D. An assistance unit member who establishes an IDA shall sign a document authorizing the financial institution to release account information to the Department.

E. The following persons can make deposits into an IDA:

    • 1. The account holder;
    • 2. A member of the account holder’s assistance unit;
    • 3. A person who is not a member of the account holder’s assistance unit; or
    • 4. A non-profit organization with a recognized tax exempt status under 26 U.S.C. 501(c)(3) or A.R.S. § 43-1201. A non-profit organization making deposits into an IDA:
      • a. Shall designate that such funds are intended solely for educational or training purposes, and
      • b. May set other terms and conditions regarding the withdrawal or use of the funds.

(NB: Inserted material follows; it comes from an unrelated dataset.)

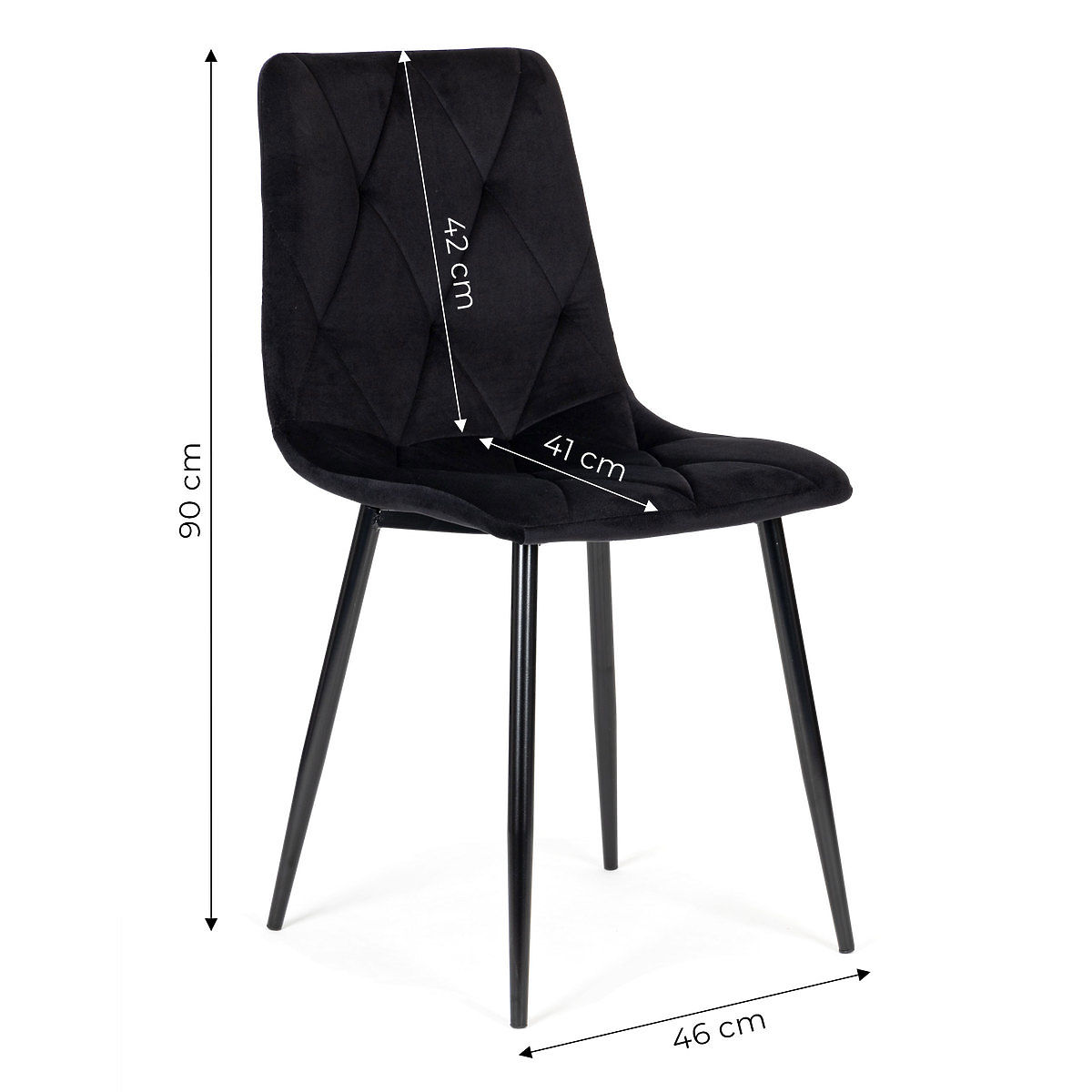 Krzesła będą doskonale pasować do rodzinnego stołu w Twojej jadalni, salonie lub kuchni. Czarne pokrycia wykonane są z przyjemnego i trwałego aksamitu, a ich prosty kształt sprawia, że idealnie pasują do przestrzeni salonu, jadalni, ale także biura czy restauracji. Nowoczesny design i estetyczne połączenie aksamitu i metalu tworzą zestaw dla najbardziej wymagających użytkowników.

F. An applicant for assistance shall not place countable income or resources into an IDA for the purpose of qualifying for CA or Food Stamp Program benefits. Any money so deposited counts as a resource.

G. The Department shall exclude from the resource limitation set forth at R6-12-401(B) the balance held in an IDA which at any 1 time is $9,000 or less, except that any cumulative deposits over the life of an IDA which exceed $12,000 shall count against the resource limitation.

H. The Department shall disregard as countable income:

    • 1. Fifty percent of any earned income of the assistance unit which is deposited into an IDA, except that the Department shall not disregard more than $100 per month of earned income; and
    • 2. All interest earned on an IDA.

I. An assistance unit which holds an IDA shall:

    • 1. Report to the Department all income which is deposited into an IDA or withdrawn from an IDA; and
    • 2. Submit account statements to the Department at each eligibility redetermination.

J. A recipient of both CA and food stamp benefits may withdraw funds from an IDA for:

    • 1. Educational costs at an accredited institution of higher education; or
    • 2. Training costs for an accredited, licensed, or certified training program.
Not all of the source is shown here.